Since the issue in the case was clearly one solely cognizable in equity under the old practice, the defendant had no right to a jury trial of the issue as a matter of right under the Federal Rules of Civil Procedure, Rule 38, 28 U.S.C.A. following section 723c. And even if the order allowing jury trial were appealable, the motion to dismiss might well be allowed on the ground that the appeal presents no question of substance.
We think, however, that the order is not appealable. The case is not one like Ettelson v. Metropolitan Life Ins. Co., 317 U.S. 188, 63 S. Ct. 163, 87 L.Ed. 176, or Enelow v. New York Life Ins. Co., 293 U.S. 379, 55 S.Ct. 310, 79 L.Ed. 440, where an equitable defense was asserted to a law action and the relief asked was in effect that the prosecution of the action at law be enjoined. Here suit in equity has been filed asking the equitable relief of reformation for mutual mistake, and defendant is seeking to have the equitable issue tried before a jury at law and is appealing because the court has denied a motion to that effect.

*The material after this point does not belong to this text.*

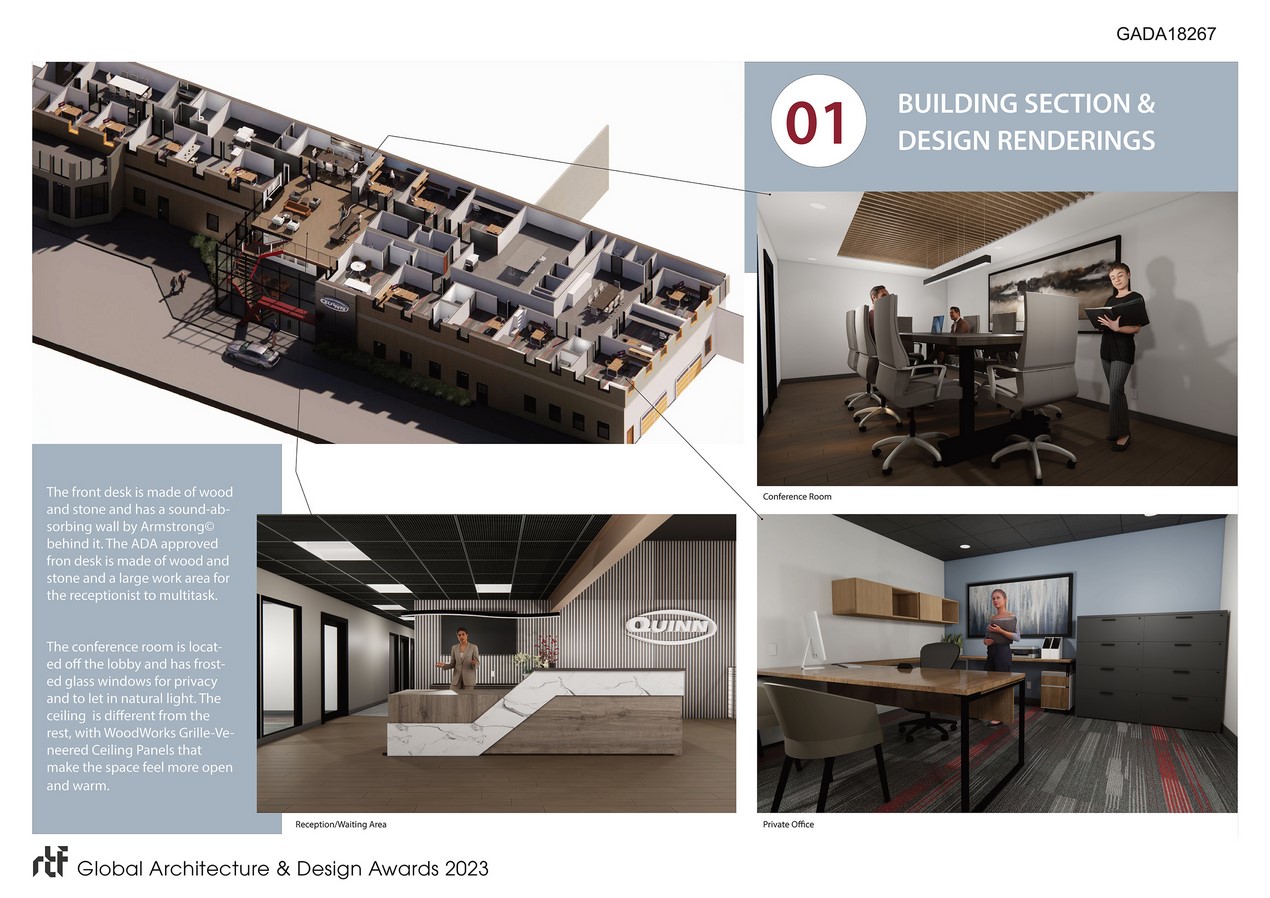 The goal of the project was to design an eye-catching front entrance that would leave a lasting impression. The team achieved this by creating a feature wall, exposed beams, and a custom-made reception desk. As you walk from the parking lot, through the new vestibule, and up the stairs into the reception area, you’ll notice many intricate details to admire, including custom metal stairs with red stringer. The reception desk is crafted from wood and stone and is accompanied by an acoustic Armstrong © slat wall behind it. The desk features a high ADA counter and a working area for the multitasking receptionist.

It is true that defendant has filed a counterclaim asking recovery on the policy, and that, if plaintiff's prayer for reformation is denied, defendant will be entitled to judgment on this legal counterclaim; but there is nothing in this which makes the denial of jury trial a final order or which can be construed as the granting of an interlocutory injunction against suit on the counterclaim. See Beaunit Mills v. Eday Fabric Sales Co., 2 Cir., 124 F.2d 563. There is no reason why any question as to the correctness of the order as to jury trial should not have been presented on appeal from final judgment as was done in the case of Prudential Ins. Co. v. Saxe, supra, 77 U.S.App.D.C. 144, 134 F.2d 16.
Piecemeal appeals should not be encouraged; and certainly there is no reason why they should be allowed from interlocutory orders merely because a legal counterclaim has been asserted to a suit in equity. Nothing in law or in logic nor any consideration of public policy demand any such extension of the doctrine of the Enelow and Ettelson cases. Trials ought not be delayed and appellate dockets crowded by appeals from interlocutory orders directing the course of litigation. We have given short shrift to such dilatory appeals in other cases. See Bowles v. Commercial Casualty Ins. Co., 4 Cir., 107 F.2d 169 and cases there cited. There is no reason to encourage them by any such forced interpretation of the statute relating to appeals from interlocutory injunctions as we would have to make to sustain the appeal here.